A manual siphon with a standard garden hose works for small reductions of 1/2 inch or less. Submerge the entire hose to fill it with water, cap one end with your thumb, pull that end to a drainage point lower than the pool water level, and release. The siphon moves 3-6 GPM depending on hose diameter and vertical drop. This method costs nothing but moves water too slowly for anything beyond minor adjustments.
Product Comparison
Water Removal Methods — Side by Side
Compare the three main ways to lower pool water level
| Feature | Multiport Waste Setting | Submersible Pump | Garden Hose Siphon |
|---|---|---|---|
| Flow rate | 40-60 GPM | 20-33 GPM | 3-6 GPM |
| Equipment cost | Already installed | $60-120 | Free (existing hose) |
| Dry-run risk | High | None (auto shut-off) | None (stops when level equalizes) |
| Best for | Large reductions of 3+ inches | Medium reductions, no backwash line | Small adjustments under 1/2 inch |
| Key requirement | Approved discharge point per local code | GFCI outlet within cord length | Drainage point lower than pool level |
For most homeowners needing a 2-3 inch reduction, a submersible pump offers the safest balance of speed and equipment protection.
What Causes Pool Water Level to Drop or Rise?
Evaporation accounts for most normal water loss in swimming pools, removing 1/4 to 1/2 inch per day during hot, dry, or windy conditions. This rate varies dramatically by climate zone. Pool owners in Phoenix, Arizona routinely lose 1/2 inch or more daily in July, while Seattle pool owners may see less than 1/8 inch per day in the same month due to lower temperatures and higher humidity levels.

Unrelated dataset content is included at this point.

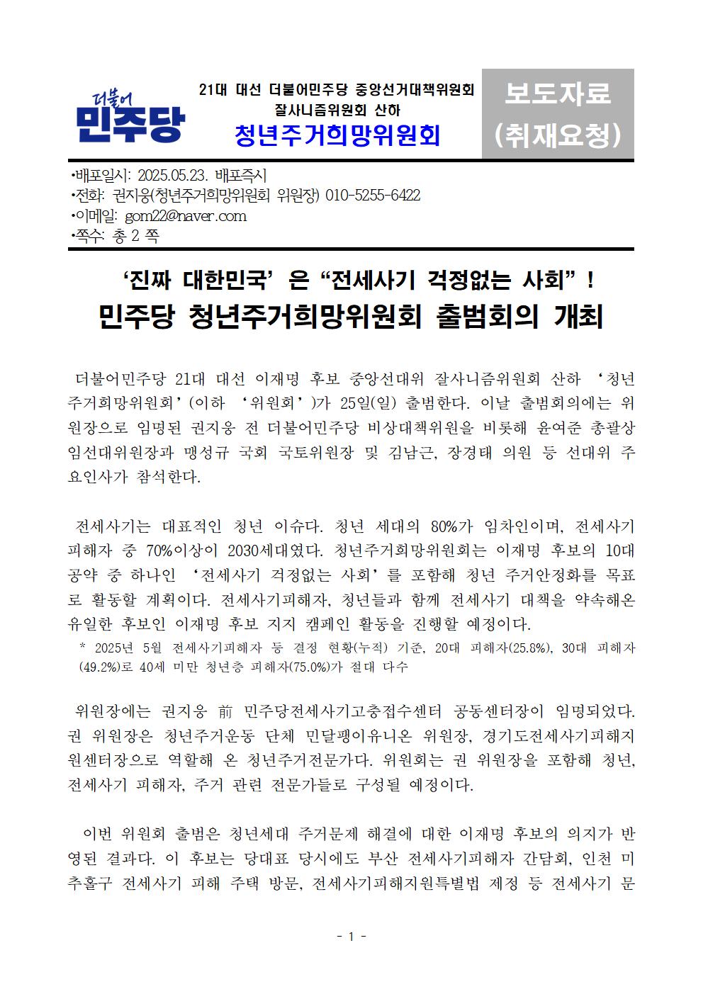 금, 2025/05/23- 00:00 에 admin 에 의해 제출됨 [0] 관련 개인/그룹 민주당 중앙당 정당 더불어민주당 지역 미특정 카테고리 보도자료 250523_청년주거희망위_보도자료_출범회의_개최.pdf공유 공유하기 닫기페이스북트위터카카오톡URL 복사 링크 https://theminjoo.kr/main/sub/news/view.php?sno=0&brd=188&post=1211744&search= Like 0 Dislike 0 댓글 달기 이름 제목 Comment 저장 Preview
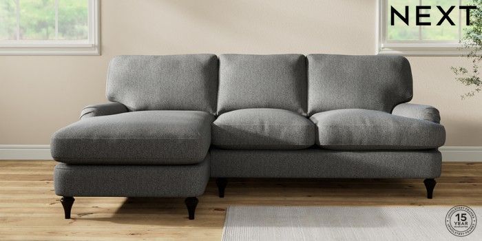 7.2.10 Sadie Deep Relaxed Sit Medium Sofa Chaise - Left Hand Tweedy Chenille Dark Grey High Slim Turned - Dark | Made Click here to use our website with more accessibility support, for example screen readers

The evaporation rate depends on four measurable factors: air temperature difference between water and ambient air, wind speed across the pool surface, relative humidity, and whether the pool is covered at night. An uncovered 20,000-gallon pool in a climate with 90 degree Fahrenheit daytime temperatures, 15% humidity, and 10 mph winds can lose 500-700 gallons per week to evaporation alone. A solar pool cover reduces this loss by 50-70% by trapping water vapor at the surface and blocking wind contact with the water.
Splash-out from heavy bather use, diving, and cannonballs eliminates water quickly. A single afternoon with 8-10 active swimmers can displace 200-400 gallons of water. This is normal and expected. What is not normal is water loss that continues overnight with no wind, no swimmers, and the pump turned off.
To distinguish evaporation from a leak, perform the bucket test. Place a 5-gallon bucket on the second step of the pool, fill it with pool water to match the pool level exactly, and mark both levels after 24 hours with the pump off. If the pool level drops more than the bucket level, you have a leak. The difference between the two measurements is your daily leak rate. According to the American Leak Detection Association, leaks as small as 1/8 inch in diameter waste over 3,000 gallons per month, a loss rate that far exceeds any possible evaporation rate in any North American climate.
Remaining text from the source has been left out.